**EXERCISE:**
For each entry, repeat the text exactly and omit any picture it holds.
─── AVAILABLE DATA
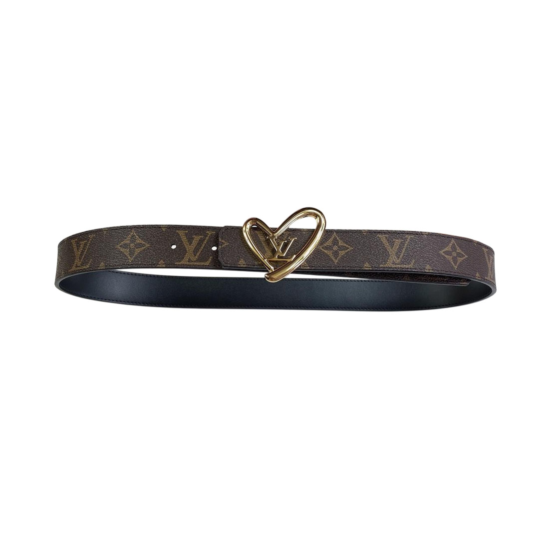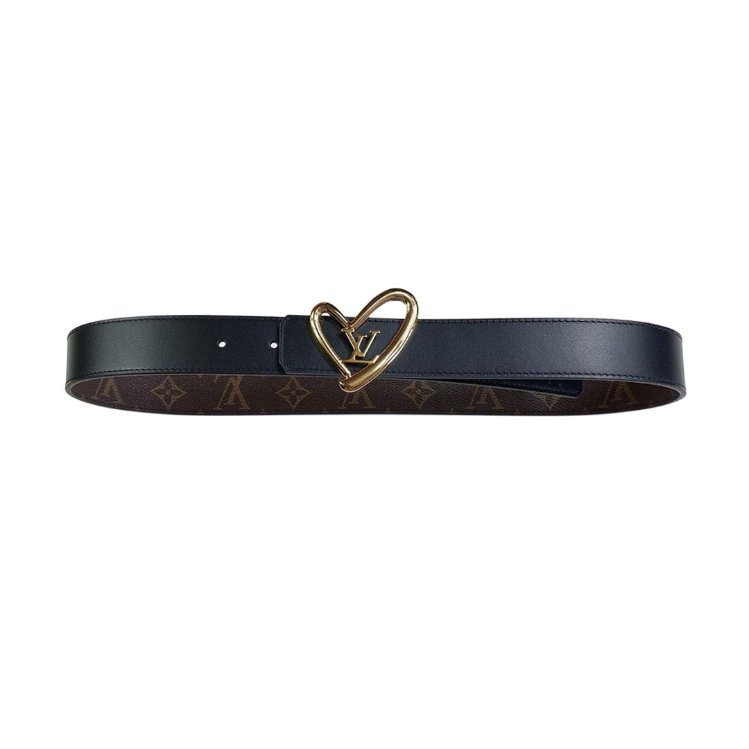 Louis Vuitton Women’s The Knot Reversible Belt In Black Calfskin And Monogram Canvas With Gold Hardware 20mm
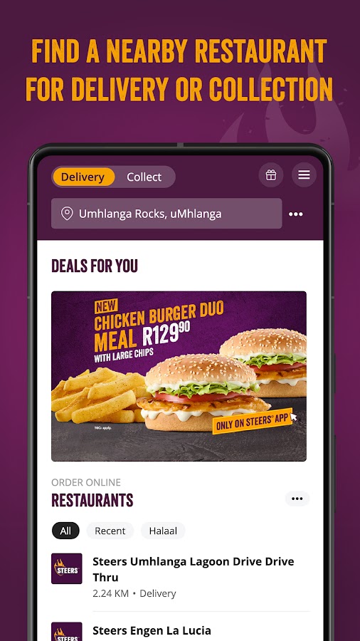 Используйте это приложение для заказа из избранных ресторанов Steers в Южной Африке.
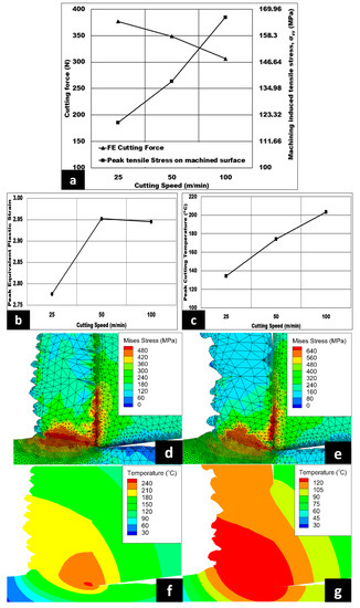 Figure 4a–c reveals the influence of cutting speed on the magnitude of generated cutting force, cutting induced peak tensile stress (measured on the machined surface), peak equivalent plastic strain, and peak cutting temperature under dry cutting. The cutting force decreases in a linear manner from 377 N to 306 N as the cutting speed is increased from 25 m/min to 100 m/min. From the numerical analysis, the machining induced peak tensile stress increases by 38.74% when the cutting speed is increased. The peak equivalent plastic strain in the shear zone increases from 2.78 to 2.95, which is approximately about 6.1%, when the cutting speed is increased. Although the strain is expected to increase, the negligible drop in plastic strain from 50 m/min to 100 m/min could be due to the assumption made in the model. Being one of the few models developed for aluminium based syntactic foams, the plastic strain (also known as equivalent plastic strain) contour values were comparable to Josyula and Narala’s paper, which discusses TiC particle distribution in aluminium based composite using FE [30]. Variation in peak cutting temperature is also observed, with an increase of 50% as the cutting speed is increased from 25 m/min to 100 m/min. Figure 4d,e shows the influence of cutting speed on the variation of Von Mises stress contours. As seen from the contour, a maximum value of 640 MPa is noted at 25 m/min. From Figure 4f,g, the influence of cutting speed on peak cutting temperature contours is shown, with a maximum value of 240 °C at 100 m/min.
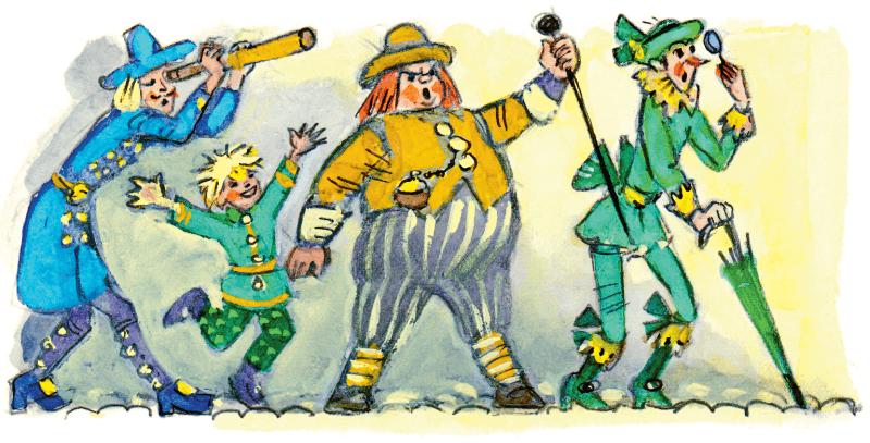 Самые интересные места были за городом – там, где находился Дворец Трёх Толстяков. Доктор чаще всего посещал эти места. Дворец Трёх Толстяков стоял посреди огромного парка. Парк был окружён глубокими каналами. Над каналами висели чёрные железные мосты. Мосты охранялись дворцовой стражей – гвардейцами в чёрных клеёнчатых шляпах с жёлтыми перьями. Вокруг парка до самой небесной черты находились луга, засыпанные цветами, рощи и пруды. Здесь было отличное место для прогулок. Здесь росли самые интересные породы трав, здесь звенели самые красивые жуки и пели самые искусные птицы.
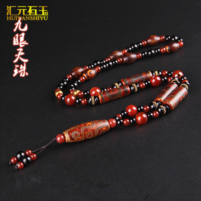 天然チベット瑪瑙九眼老天珠ネックレス創意的な男女モデルのセーターチェーンの生放送商品の卸売り
──────
**ANSWER TO THIS TASK:**
 Louis Vuitton Women’s The Knot Reversible Belt In Black Calfskin And Monogram Canvas With Gold Hardware 20mm
 Используйте это приложение для заказа из избранных ресторанов Steers в Южной Африке.
 Figure 4a–c reveals the influence of cutting speed on the magnitude of generated cutting force, cutting induced peak tensile stress (measured on the machined surface), peak equivalent plastic strain, and peak cutting temperature under dry cutting. The cutting force decreases in a linear manner from 377 N to 306 N as the cutting speed is increased from 25 m/min to 100 m/min. From the numerical analysis, the machining induced peak tensile stress increases by 38.74% when the cutting speed is increased. The peak equivalent plastic strain in the shear zone increases from 2.78 to 2.95, which is approximately about 6.1%, when the cutting speed is increased. Although the strain is expected to increase, the negligible drop in plastic strain from 50 m/min to 100 m/min could be due to the assumption made in the model. Being one of the few models developed for aluminium based syntactic foams, the plastic strain (also known as equivalent plastic strain) contour values were comparable to Josyula and Narala’s paper, which discusses TiC particle distribution in aluminium based composite using FE [30]. Variation in peak cutting temperature is also observed, with an increase of 50% as the cutting speed is increased from 25 m/min to 100 m/min. Figure 4d,e shows the influence of cutting speed on the variation of Von Mises stress contours. As seen from the contour, a maximum value of 640 MPa is noted at 25 m/min. From Figure 4f,g, the influence of cutting speed on peak cutting temperature contours is shown, with a maximum value of 240 °C at 100 m/min.
 Самые интересные места были за городом – там, где находился Дворец Трёх Толстяков. Доктор чаще всего посещал эти места. Дворец Трёх Толстяков стоял посреди огромного парка. Парк был окружён глубокими каналами. Над каналами висели чёрные железные мосты. Мосты охранялись дворцовой стражей – гвардейцами в чёрных клеёнчатых шляпах с жёлтыми перьями. Вокруг парка до самой небесной черты находились луга, засыпанные цветами, рощи и пруды. Здесь было отличное место для прогулок. Здесь росли самые интересные породы трав, здесь звенели самые красивые жуки и пели самые искусные птицы.
 天然チベット瑪瑙九眼老天珠ネックレス創意的な男女モデルのセーターチェーンの生放送商品の卸売り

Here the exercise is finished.